Through the Radio JOVE project, these student observations will help consolidate data showing the sun’s activity and its impact on Earth. O’Dette helped construct the radio telescope and monitor solar activity as a part of his senior project. Over the semester, he will be analyzing the signals recorded during the eclipse, writing about the observations, and continuing to work on the telescope, O’Dette said.

Part of this work will include sorting through the recorded radio waves from solar activity, which the radio telescope records as a sound file. O’Dette said the natural activity in the recording sounds like a rushing wave, while interference from objects such as police scanners sound like beeps and trills. Once Earth-based interference is identified, the sound files will be converted to graphs and analyzed, O’Dette said.

Though a partial eclipse was visible throughout North America, only a narrow band across the United States experienced a total eclipse, in which the moon completely obscured the sun. Birzer said totality lasted a little over two minutes where their equipment was set up, but time felt sped up during the eclipse.

“Certainly during the entire event, time felt very weird,” Birzer said.

In addition to the visible corona, an eclipse causes other natural phenomena, Dolch said. Of particular interest to physicists is the area of the atmosphere with high amounts of charged particles and electrons, the Earth’s ionosphere, which changes in response to the temporary darkness. During the eclipse, the ionosphere is temporarily shielded from the solar radiation that gives energy to the charged particles, and as a result, the ionosphere can behave unusually, Dolch said.

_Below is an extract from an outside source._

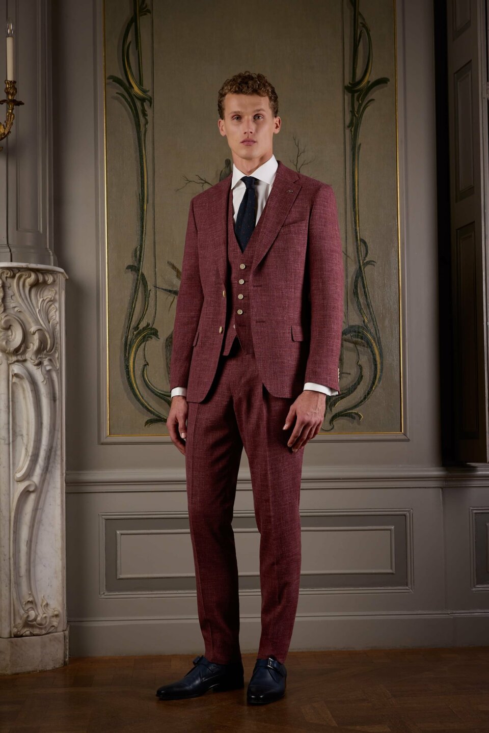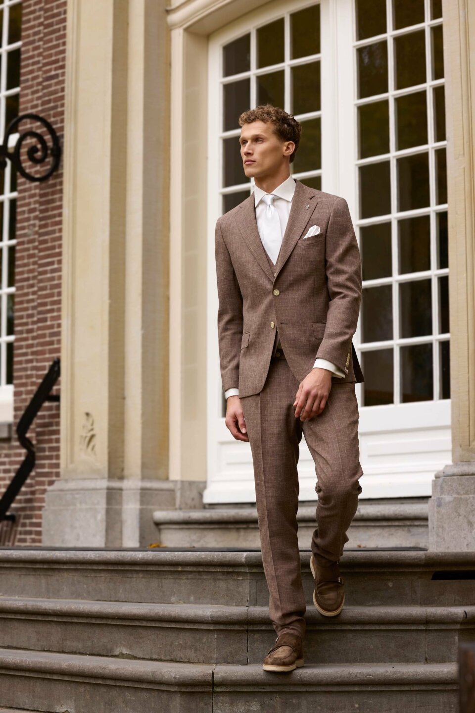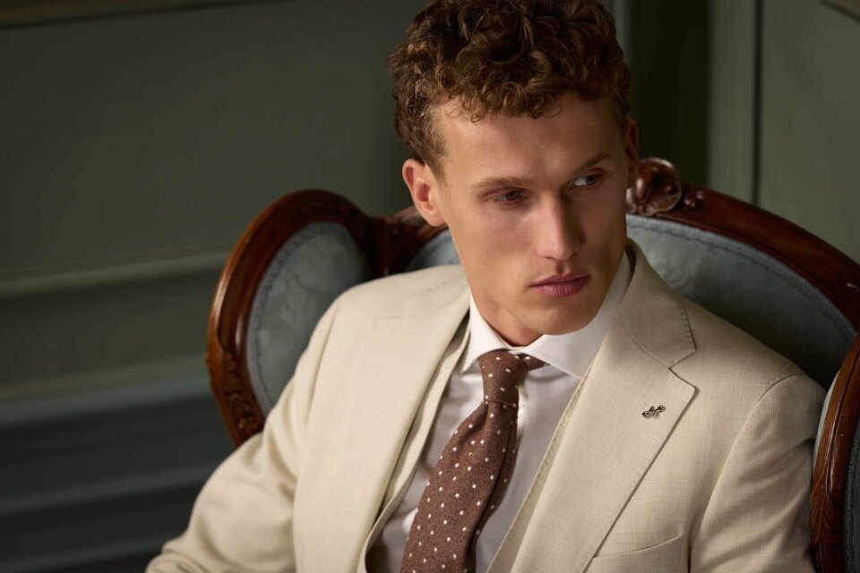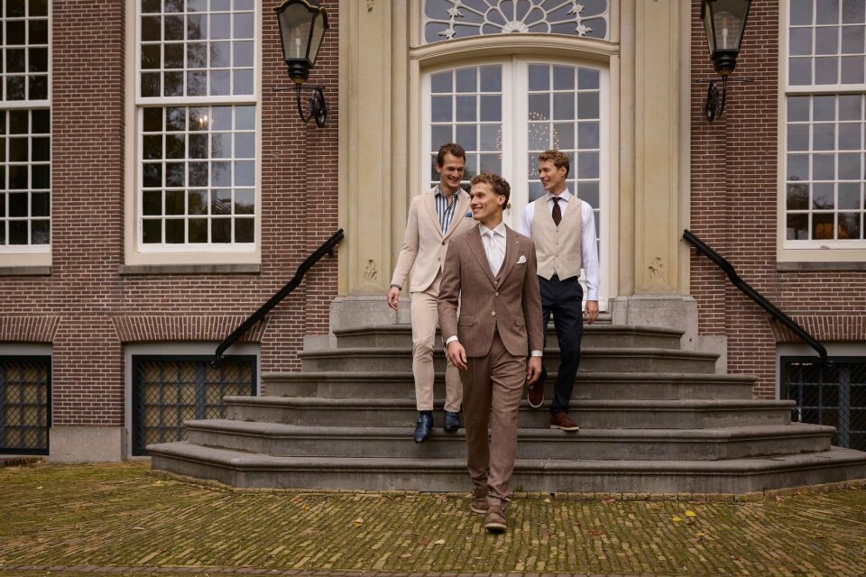 Daarnaast winnen warmere kleuren terrein. Denk aan bruin en subtiele roodtinten, variërend van licht tot donker. Deze kleuren geven trouwpakken een moderne uitstraling, zonder dat ze hun tijdloze karakter verliezen.

The group observed other eclipse-related phenomena as well.

“There’s a lot of subtle physics during the eclipse,” Dolch said. “Of course you hear crickets and cicadas come out in the middle of the day, you see all the nighttime lights turn on. We also caught an interesting phenomenon known as shadow bands. Just before totality or just after … you have all this light that’s coming from exactly the same direction going through the atmosphere, and the density variations in the atmosphere cause interference. The result is that you get these dark bands moving across any white surface.”

Dolch said he and O’Dette are just beginning to go through the observations from the eclipse, and will continue working to prepare the radio telescope for use in future projects.

Birzer said the group was able to enjoy the eclipse, despite scrambling to set up their observation equipment in the park and make some last-minute repairs to the telescopes.

“It was a bit of a scramble because we were also busy standing and watching and just forgetting what other things we were supposed to be doing,” Birzer said. “It was incredibly beautiful.”